Acá definimos la imperfección.
La amistad perfecta es la que involucra amor: la vinculación desinteresada por el otro.
Suena hermoso decirlo así, en términos platónicos; probablemente dé al lector ganas de componer una balada al estilo Axel.
Si esta entrada fuera un elogio al amor, ya la habría terminado hace rato. Todavía me falta entender a los innumerables casos imperfectos, cada uno con una impronta.

Me cuesta creer que todos entendemos lo mismo por "amigo". Como si la agrupación humana (digamos, extra-sexual o para-sexual) fuera algo instintivo.
Que a esta altura del partido me vengan a hablar de instinto, es algo que me pone los pelos de punta. Hay un trasfondo natural en todo lo que hacemos, hay uno emocional y también hay uno racional; si el emocional difiere de persona a persona, el racional ni te cuento. El prójimo y yo, en gran medida, somos carne incomparable. Sutilmente o no, no podemos dejar de ser distintos.
Me cuesta creer que, en esta ensalada, el prójimo y yo entendemos lo mismo por "amistad".

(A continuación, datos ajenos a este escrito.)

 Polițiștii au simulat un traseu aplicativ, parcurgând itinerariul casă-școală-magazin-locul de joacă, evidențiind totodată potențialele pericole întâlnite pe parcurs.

No tengo ninguna solución para darles, chicos.
Me encantaría, pero esta gotera recién arranca. Si esta certeza se quiebra, y en el medio queda un diamante; y puedo empezar a ver, bajo el prisma del diamante de la certeza que quebró, todas las acciones de los hombres para extraer una conclusión última, sería el tipo más lúcido del mundo.
Probablemente pase mucho tiempo y yo sea ya viejo y este blog no exista más, porque como dijo Nietzsche: "la profundidad de pensamiento pertenece a la juventud, y la claridad a la edad madura."

En el prisma mohoso de mi terquedad, vi a mucha gente gestionar sesudamente, bajo la etiqueta genérica de /amigos/, los beneficios más dispares:
billeteras humanas, cajas humanas de resonancia (que sólo respondan "sí, tenés razón"), bibliotecas y hemerotecas, bolsas de empleo, celestinas, carpintería artesanal, enciclopedias, bares, intercambios masturbatorios, paliativos para la soledad, taxistas sin tarifa.

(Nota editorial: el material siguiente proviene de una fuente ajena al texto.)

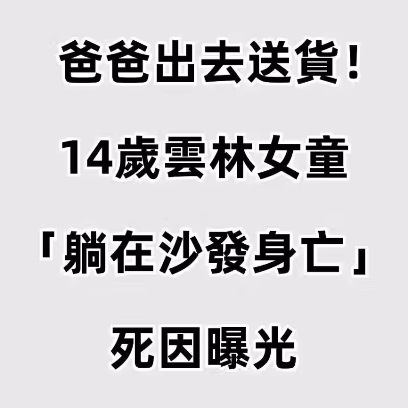 爸爸出去送貨/14歲雲林女童「躺在沙發身亡」 男大生被託夢 員警調查死因都傻住
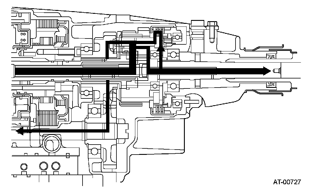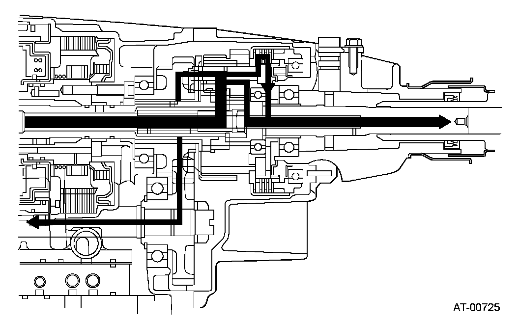 The center differential is a compound planetary gear set without internally-toothed gears. The input torque from the automatic transmission is transmitted to the input element of the center differential (1st sun gear). The front wheel output elements of the center differential are connected to the carrier and the rear wheel output elements are connected to the 2nd sun gear.
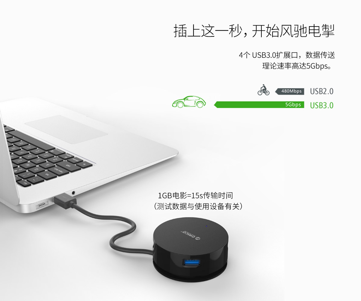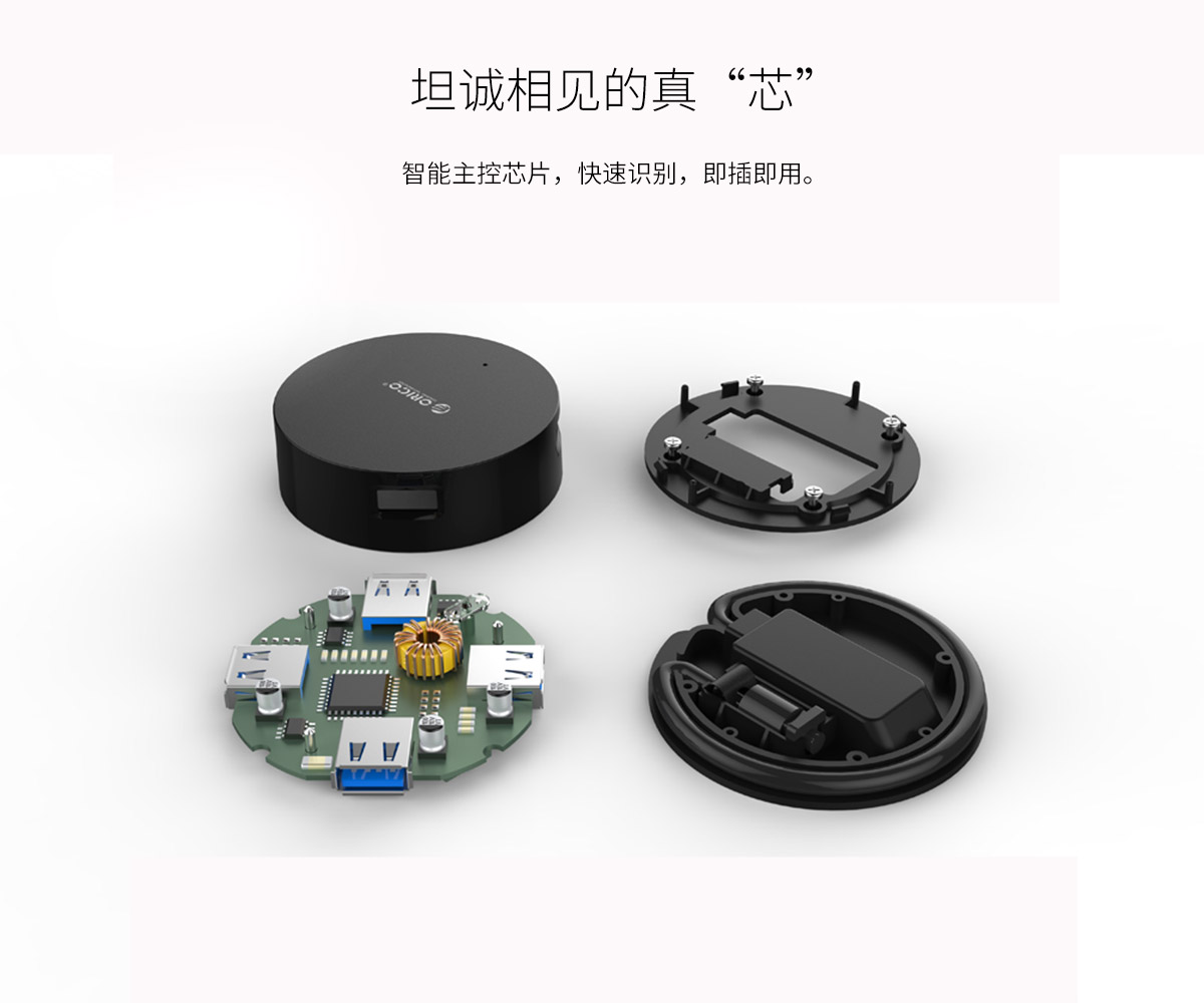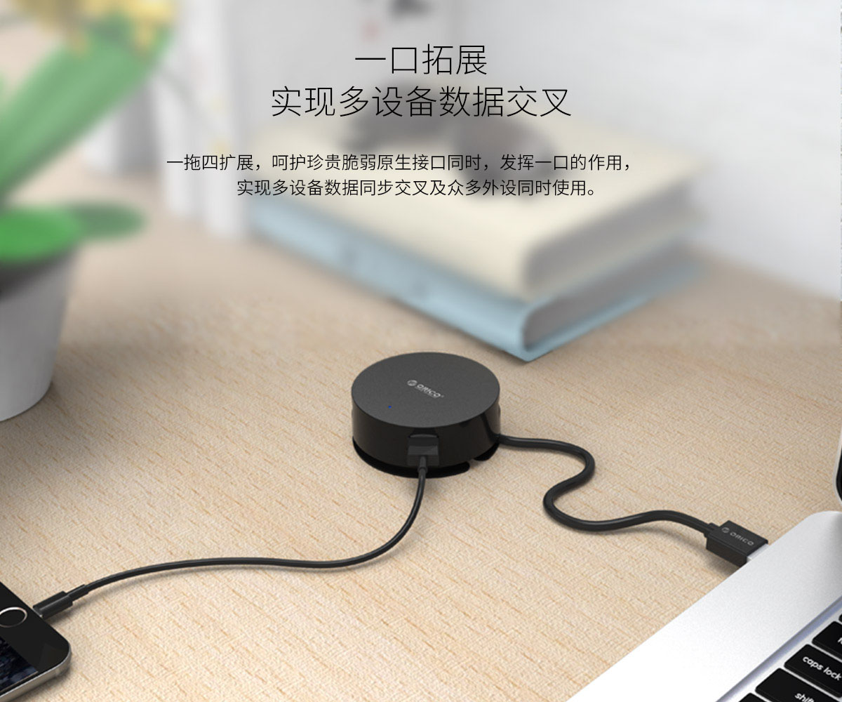 繞線收納集線器 4口USB3.0擴展 一體式數據線 圓形外觀

Una vez más la suma de los casos concretos desafía descaradamente a la universalidad platónica, hermoso lugar donde existe la "amistad" tal como la entendemos todos en un éxtasis místico de amor al prójimo. Nos encanta vestirnos de toga y pronunciar palabras que mecen el alma como una cuna.
Pero muchas veces, salimos a la calle y el amor no tiene nada que ver con nuestras acciones.

Repito: no tengo solución.
Se me ocurren dos honestidades.
La primera es la del solitario.
La segunda es la del villano pragmático que reconoce la verdadera fuente de sus acciones; al fin, en una especie de conciencia conjunta, llegaremos a una sociedad no mejor, pero más sincera.